2D modeling of salt precipitation during the injection of dry CO2 in a depleted gas reservoir

Abstract

The precipitation of halite around a CO 2 injection well has been studied to investigate the possible effects on well injectivity for a pilot test of CO 2 injection in a depleted gas reservoir. The numerical simulations performed with the TMGAS simulator, using both 1D and 2D radial grids, show that the injection of dry supercritical CO 2 vaporizes the formation brine promoting NaCl concentration and the precipitation of halite. Different behaviors are observed depending on the initial liquid saturation: when the brine has a low mobility, the evaporation front advances with limited halite precipitation and only minor effects on well injectivity. On the other hand, when the brine has sufficient mobility, the precipitation front is recharged by the brine flowing towards the wellbore, due to the capillary pressure gradient driven by the evaporation. In this case the concentrated precipitation can strongly reduce the formation permeability.
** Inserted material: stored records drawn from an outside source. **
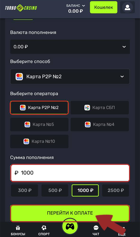 2. On the payment page, select payment by card (e.g. P2P, depending on the payment method)
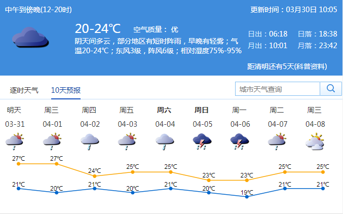 市氣象臺預(yù)測,31日至4月1日有陣雨或雷陣雨;2-3日多云到陰天,部分時間有分散小雨;展望清明假期期間,有明顯降雨過程。注意雨霧天氣低能見度對交通安全的影響。
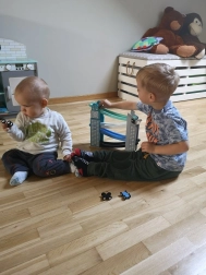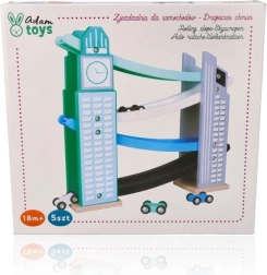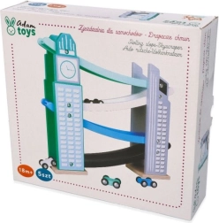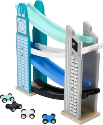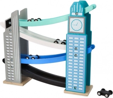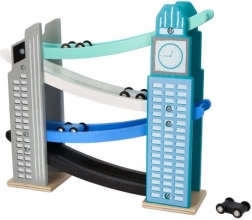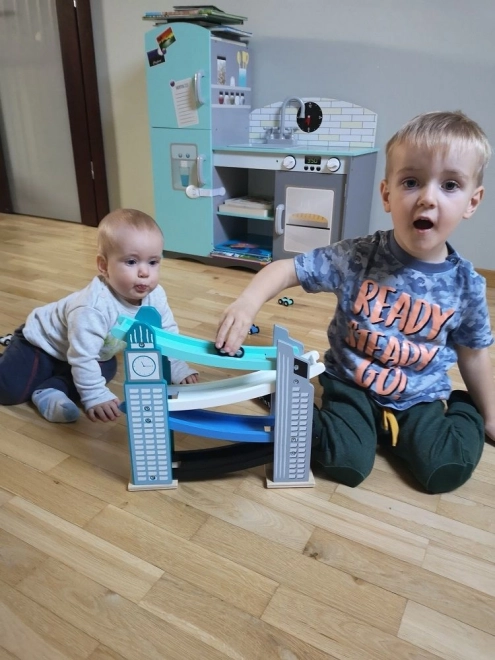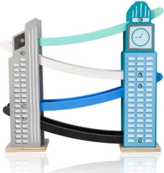Our wooden raceway is designed to resemble iconic city structures, including a clock tower. It’s made from quality wood and offers several levels with colorful ramps in blue, black, and white. Kids will love releasing the small colorful cars from the top all the way down. The track not only provides fun but also develops fine motor skills and teaches physical principles like gravity and speed.
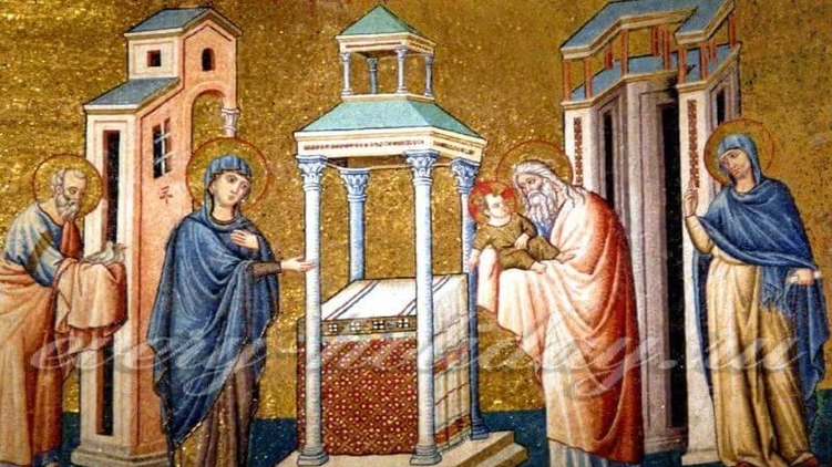 Богоприимец Симеон взял Богомладенца на руки, и, благословив Его, пророчествовал о Спасителе: "Ныне отпущаеши раба Твоего, Владыко, по глаголу Твоему с миром: яко видеста очи мои спасение Твое, еже еси уготовал пред лицем всех людей: свет во откровение языком, и славу людей Твоих Израиля".
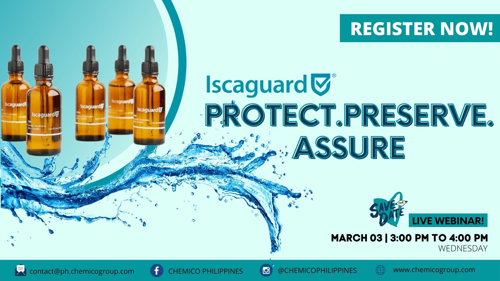 ISCA UK Ltd. in collaboration with Chemico Philippines, Inc. held an online seminar entitled “Iscaguard Protect. Preserve. Assure.” on March 03, 2021. The webinar started with company profile, followed by the latest trends of preservation system, the demand of anti-bacterial and anti-viral claims during the COVID-19 pandemic in cosmetics and Iscaguard products that perfect fit for these demands.
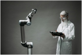 A scientist uses a robotic device for advanced the
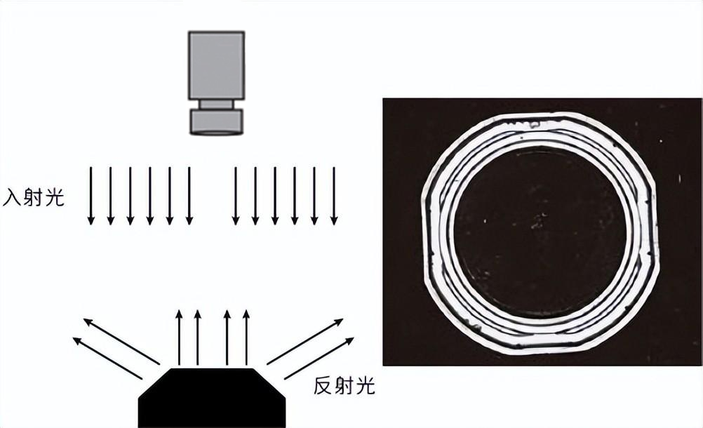 效果分析:光线经过平面反射后,与光轴平行地进入镜头。此时被测物相当于一面镜子,图像体现的是光源的信息,当“镜子”出现凹凸不平时,将格外地明显。
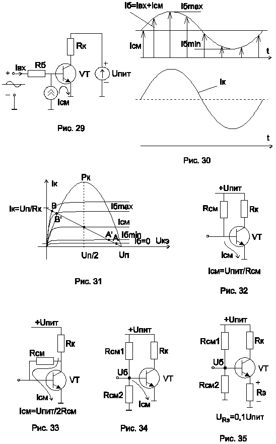 В усилительном режиме в общем случае входной сигнал может быть знакопеременным, например, синусоидальным. Переход база-эмиттер является диодным p-n переходом. Чтобы входная цепь транзистора могла работать с сигналом переменного тока, необходимо переход база-эмиттер сместить в прямом направлении, т.е. задать в базовой цепи рабочую точку по постоянному току. Относительно этого постоянного тока можно подавать в базовую цепь сигнал переменного тока, который будет усиливаться. Схема включения транзистора с общим эмиттером и диаграммы его работы в режиме усиления гармонического сигнала представлены соответственно на рис. 29 и 30, где Iсм - постоянный ток смещения базы. Постоянный ток смещения базы будет определять постоянную составляющую тока коллектора в соответствии с соотношением Iк=Iб×h21Э. В усилительном режиме возможные рабочие точки находятся на нагрузочной прямой между точками А¢ и В¢ на рис. 31. Ток смещения должен выводить рабочую точку коллектора транзистора по постоянному току на середину отрезка А¢ В¢, чтобы напряжение на коллекторе могло изменяться от этой середины как в сторону источника питания, так и в сторону общей точки.
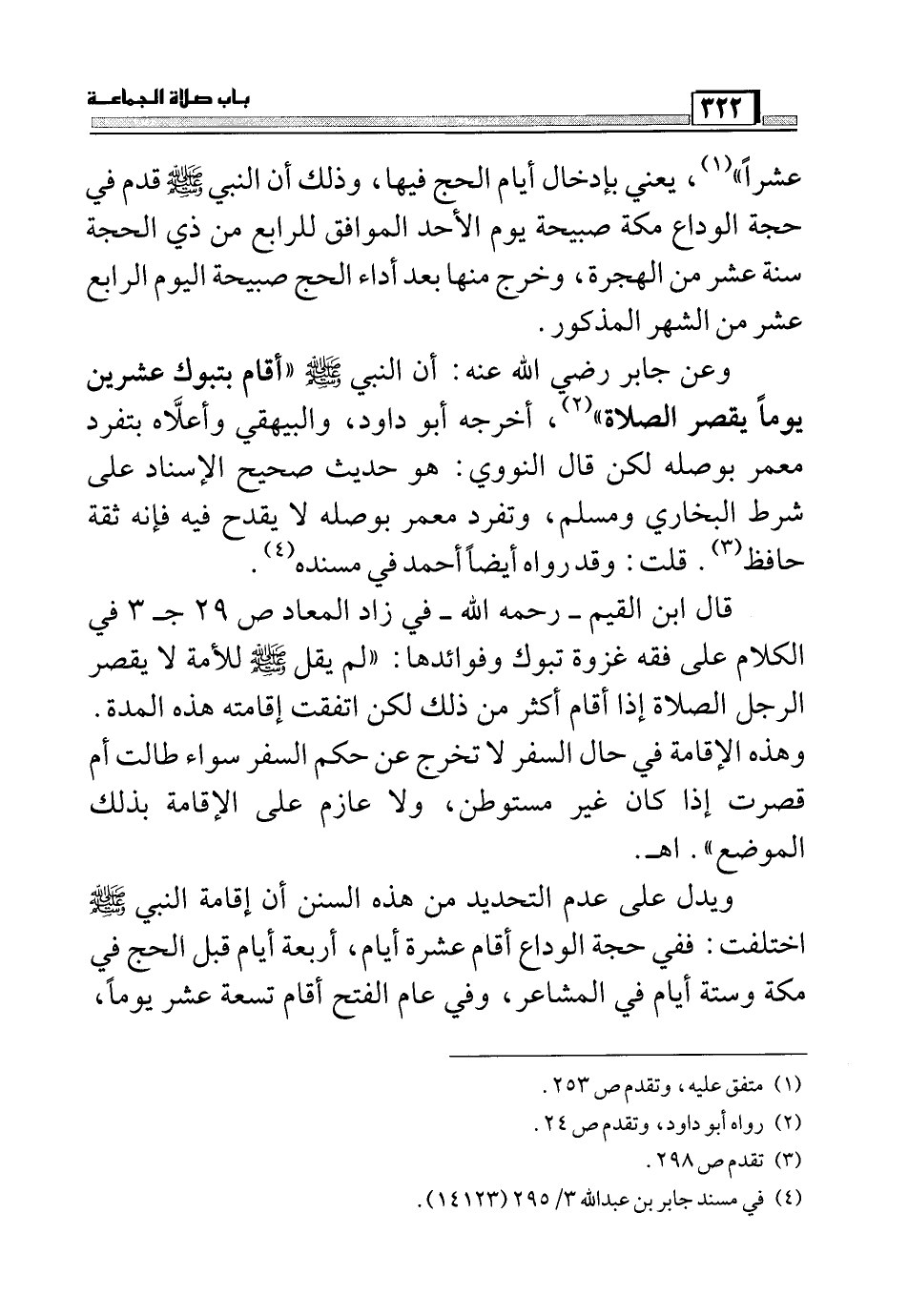 وعن جابر رضي الله عنه: أن النبي صلي الله عليه وسلم ((أقام بتبوك عشرين يوماً يقصر الصلاة) (3) ,أخرجه أبو داود, والبيهقي وأعلاه بتفرد معمر بوصله لكن قال النووي: وهو حديث صحيح الإسناد على شرط البخاري ومسلم, وتفرد معمر بوصله لا يقدح فيه فإنه ثقة حافظ (4) .قلت: وقد رواه أيضاً أحمد في مسنده (5) .

These effects depend on formation properties and on the porosity–permeability relationship which describes the effects of halite precipitation on permeability reduction. In the attempt to improve the prediction of halite precipitation effects, an extension of the so-called tube-in-series model of Verma and Pruess was developed, with pore-size distribution evaluated from the measured grain-size distribution of the sandy formation considered for the execution of the pilot CO 2 sequestration test.